Mannich reaction products have been taught for use as detergent/dispersants
in fuels, primarily gasoline, for years. The prior art Mannich reaction
products typically contain high molecular weight alkyl groups on the
hydroxyaromatic compounds. In contrast, the Mannich reaction products of
the present invention are obtained from alkyl-substituted hydroxyaromatic
compounds wherein the alkyl group contains from 9 to 30 carbon atoms.
U.S. Pat. No. 3,877,889 discloses Mannich bases useful as additives for
liquid fuels to impart dispersancy, anti-icing and rust inhibiting
properties. The reference fails to teach the use of said Mannich reaction
products as lubricity additives in low sulfur compression ignition fuels.

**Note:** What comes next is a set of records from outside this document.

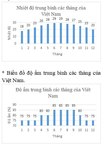 I. Minh họa các đặc điểm khí hậu chung. 1) Bảng thống kê nhiệt độ, lượng mưa, độ ẩm trung bình các tháng của Việt Nam. (Phụ lục I)
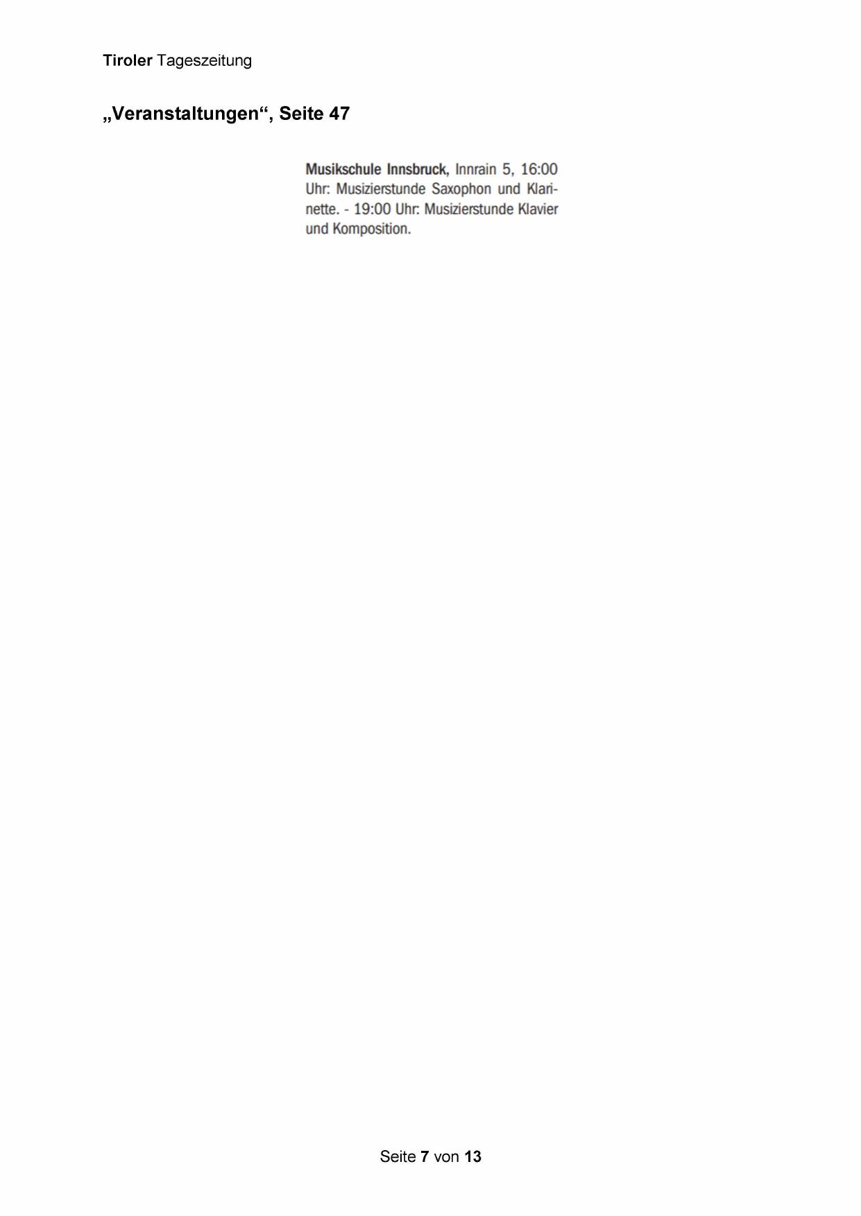 Uhr: Musizierstunde Saxophon und Klarinette. - 19:00 Uhr: Musizierstunde Klavier
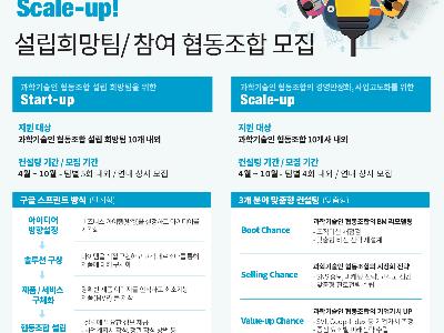 과학기술인협동조합센터에서 '2021 과학기술인 협동조합 설립희망팀 및 운영자 대상 아카데미 과정 및 컨설팅 과정 참가자'를 모집합니다. < 1. 과학기술인 협동조합 교육과정 > * 교육대상 - Start-up : 제한없음 - Scale-up : 과학기술인 협동조합 운영자 * 신청하기 - QR 코드 신청 또는 링크 신청(https://forms.gle/c7FFizzLNqtSc23Y7) < 2. 과학기술인 협동조합 컨설팅 과정 > * 모집대상 - Start-up : 과학기술인 협동조합 설립 희망팀 10개 내외 - Scale-up : 과학기술인 협동조합 10개사 내외 * 신청하기 - QR 코드 신청 또는 링크 신청(https://forms.gle/umW34Hdv6FHmHbF58) 문의하기 ㈜나비프로젝트 김당환 위원 (02-2671-1123) 첨부1. 과학기술인 협동조합 아카데미 과정 웹포스터 첨부2. 과학기술인 협동조합 컨설팅 과정 웹포스터2021 DATA-Stars Camp, DATA-Global 사업 안내 (한국데이터산업진흥원)
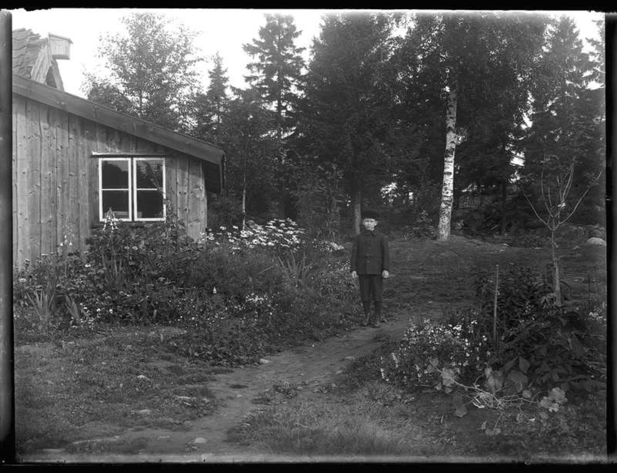 Framför påbyggnaden till ladugården på Torpängen, före landsvägen byggdes mellan Sågbron och Nötbron, Fjällvägen står Erik Jonsson, Hjärtum 1919-07-26,
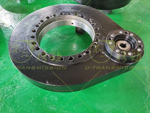 根据上述工况回转支承按照大倾覆力矩设计,采用小游隙高精度设计,确保高转速下回转驱动旋转平稳,齿采用表面感应淬火,保证大的输出扭矩及耐磨性能,齿芯部柔软,具有很好的耐冲击性,适合大惯量,大冲击载荷。壳体采用球墨铸铁QT450-10铸造而成,机械性能优良,稳定性高,耐磨抗震,壳体表面喷塑处理,防锈美观,喷塑前进行磷化处理,提高防锈能力及喷塑的附着力。输入端法兰按照客户马达输出端尺寸设计制造,客户可以直接连接马达,给客户提供很大的便利,减少连接部件,增加稳定性,节约空间,缩小整机体积,降低陈本。
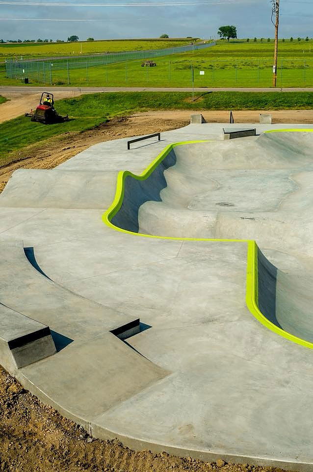 The Watertown Skatepark in South Dakota was designed and built by Evergreen Skateparks, a Portland-based company renowned for creating high-quality concrete skateparks. The park was completed in 2017.
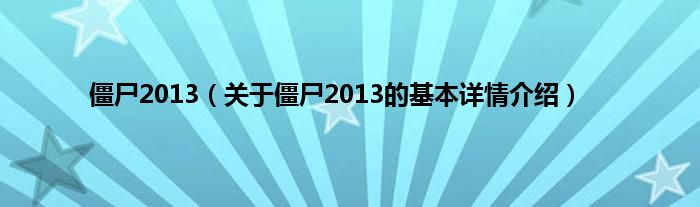 本文关于僵尸2013的基本详情介绍就讲解完毕,希望对大家有所帮助。
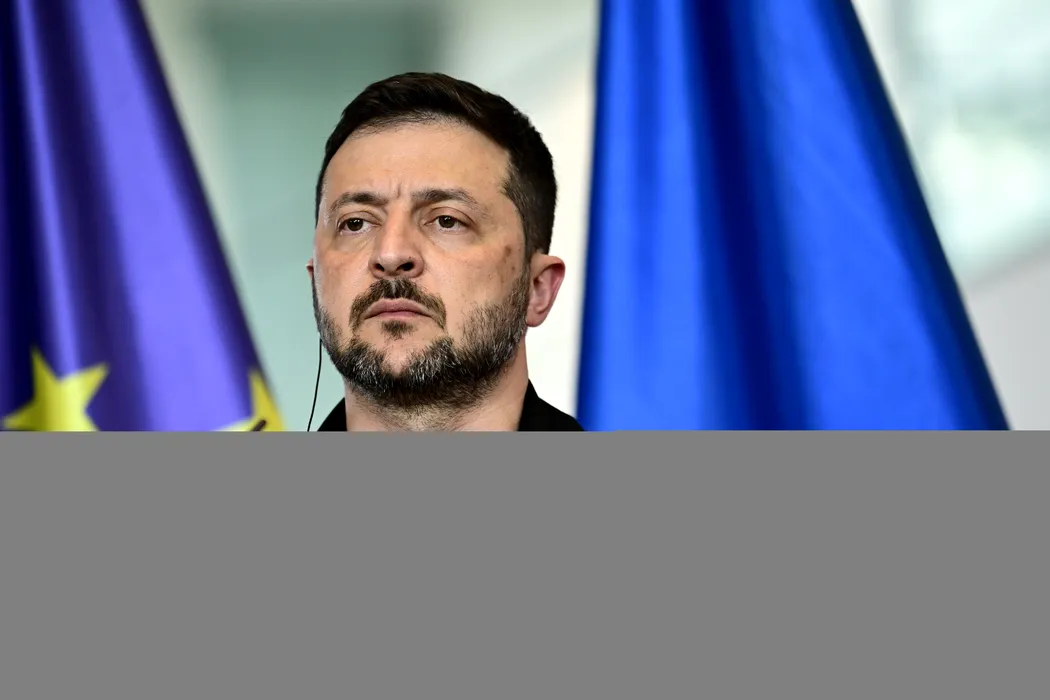 13 August 2025, Berlin: Ukrainian President Volodymyr Zelensky speaks during a press conference German Chancellor Friedrich Merz after the virtual consultations between European heads of state and government in the Chancellery with a view to the meeting between US President Donald Trump and Russian President Vladimir Putin. Photo: Fabian Sommer/dpa
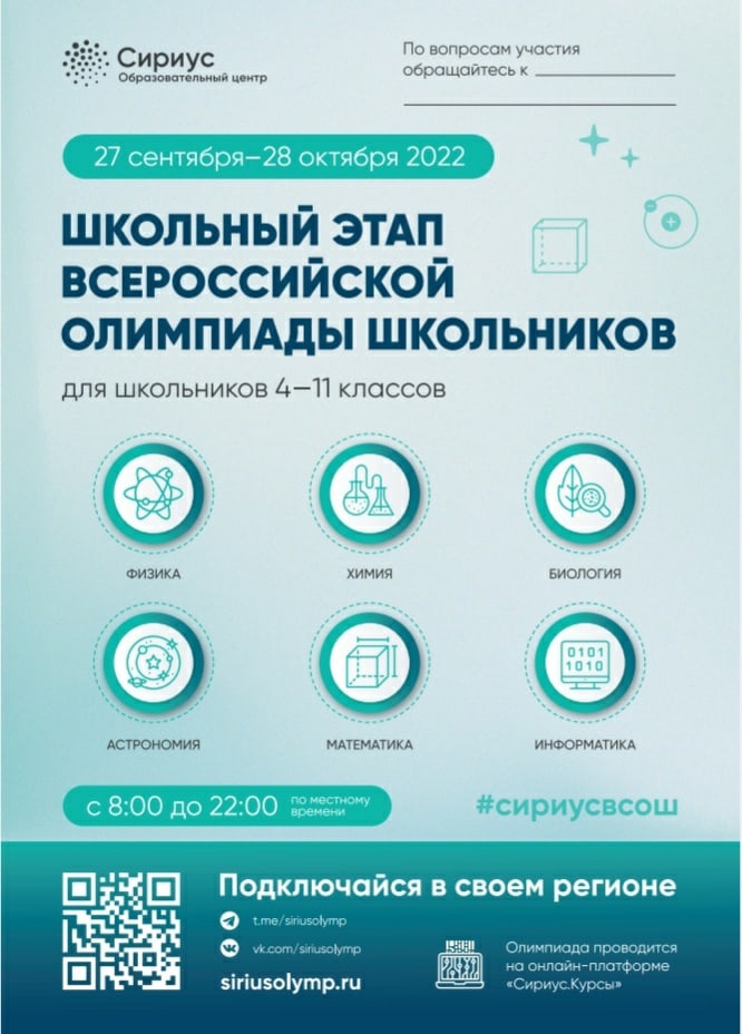 С 27.09.2022 по 27.10.2022 года проходит школьный этап
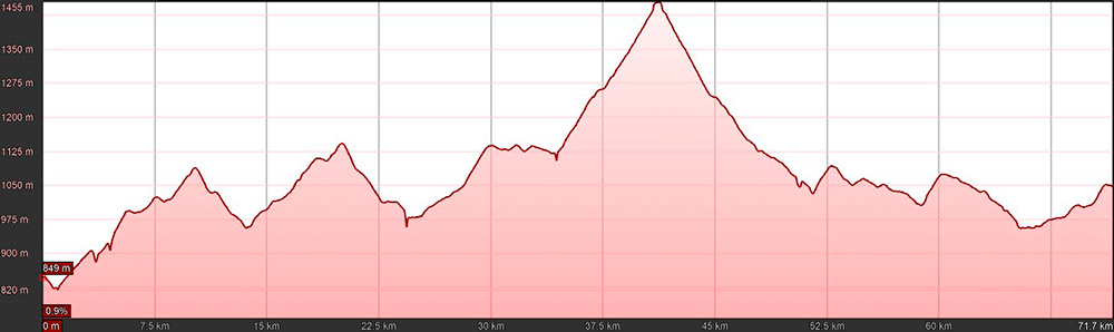 Este este el perfil del recorrido de consumo (sentido ida) que hacemos en km77.com
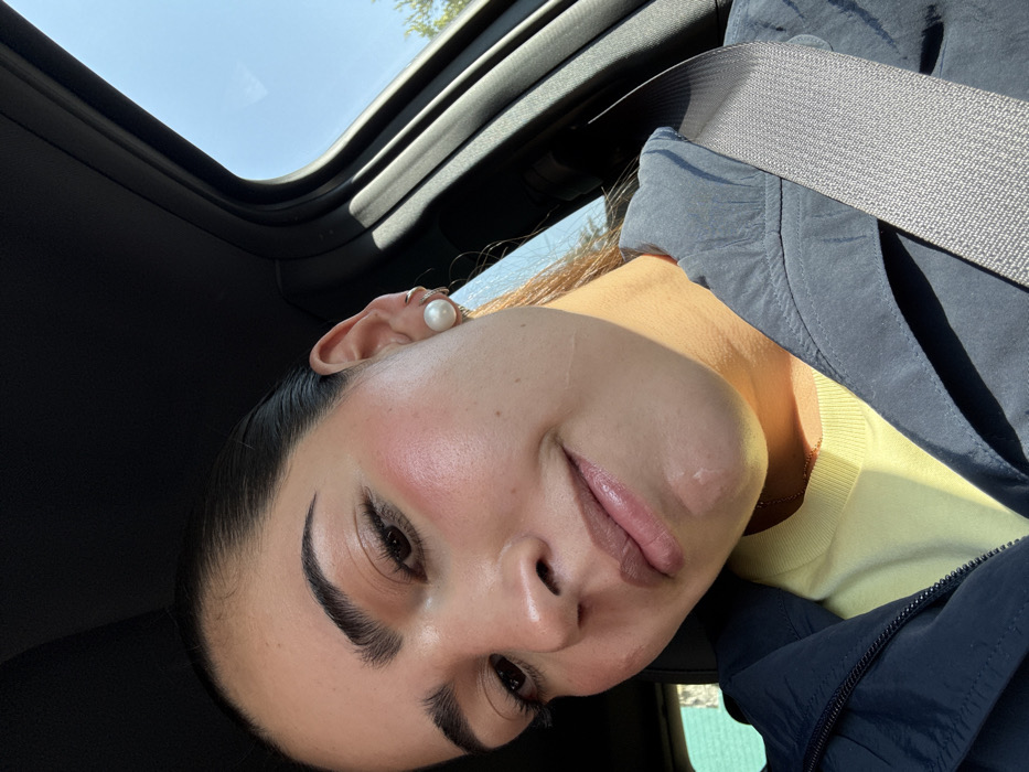 A woman wearing a pearl earring and a seatbelt is posing in a car. She’s wearing a light yellow t-shirt underneath a dark blue jacket. The car's sunroof is open, exposing the sky above. She has a full face of makeup, including blush and lipstick. Her eyebrows are dark and arched.
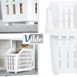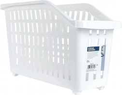 Sokoldalú, gurulós rendszerező, ideális konyhába, éléskamrába, fürdőszobába, gardróbba és garázsba. A fehér, minőségi műanyag kivitel masszív, mégis könnyű, a perforáció pedig jobb rálátást és higiénikus levegőkeringést biztosít. A keskeny profil helyet takarít meg, és jól illik a polcok közötti szűk résekbe.
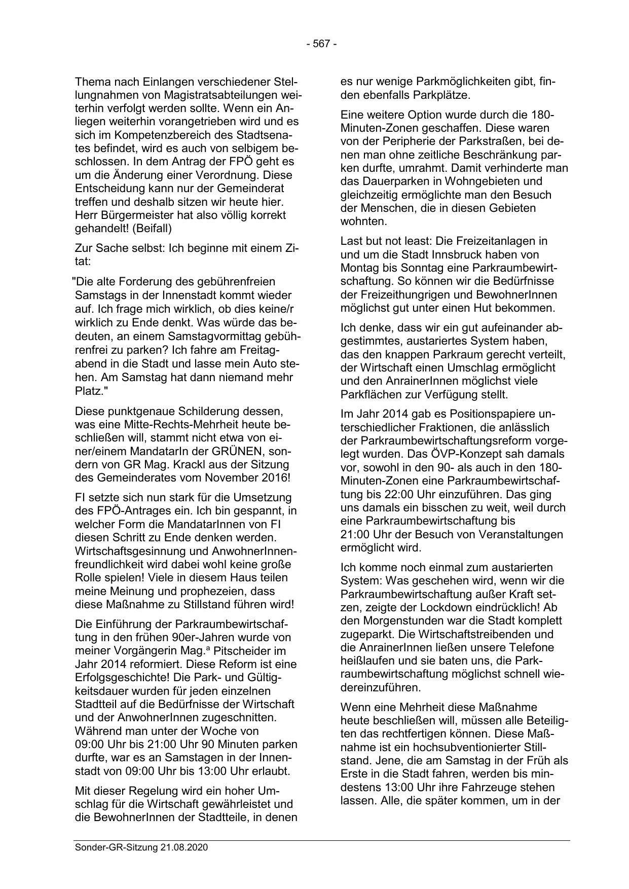 heißlaufen und sie baten uns, die Parkraumbewirtschaftung möglichst schnell wiedereinzuführen.
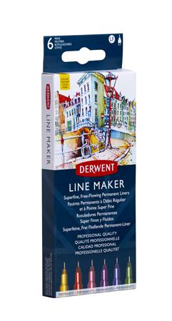Tűfilc készlet, 0,3 mm, DERWENT "Line Marker", 6 különböző szín

U.S. Pat. No. 4,231,759 teaches reaction products obtained from the Mannich
condensation of high molecular weight alkyl-substituted hydroxy aromatic
compounds, amines and aldehydes for improving the detergency of liquid
hydrocarbon fuels.
U.S. Pat. No. 5,853,436 discloses diesel fuel compositions containing a
lubricity enhancing amount of a salt of an alkyl hydroxyaromatic compound
and an aliphatic amine. These salts are different than the reaction
products of the present invention.
While the prior art is replete with numerous treatments for fuels, it does
not disclose the addition of the present additives to low sulfur
compression ignition fuels or teach their use for providing enhanced
lubricity to said fuels.
SUMMARY OF THE INVENTION
The present invention relates to the treatment of a low sulfur,
middle-distillate, compression-ignition fuel to substantially reduce the
wear occasioned upon fuel pumps used to pump said fuels. The present
invention also relates to the discovery that the addition to a fuel of the
reaction products of the present invention will significantly improve
lubricity as compared to a similar fuel that has not been treated with
said additive. Further, the present invention provides an additive that is
economical, will not damage the fuel system, will not cause an increase in
the level of undesirable combustion products and is lubricant compatible.
Thus, there is disclosed a fuel composition comprising a major amount of a
low sulfur, compression ignition fuel and a minor amount of a Mannich
additive. This Mannich additive unexpectedly decreases the fuel
composition's ability to cause wear to fuel pump components that come into
contact with said fuel composition. The Mannich additive is preferably
present in the fuel in an amount within the range of from about 10 parts
by weight of additive per million parts by weight fuel (ppm w/w) to about
1000 ppm w/w. More preferably, the Mannich additive is present in the fuel
in an amount within the range from about 20 ppm w/w to about 500 ppm w/w,
most preferably, from about 30 ppm w/w to about 300 ppm w/w.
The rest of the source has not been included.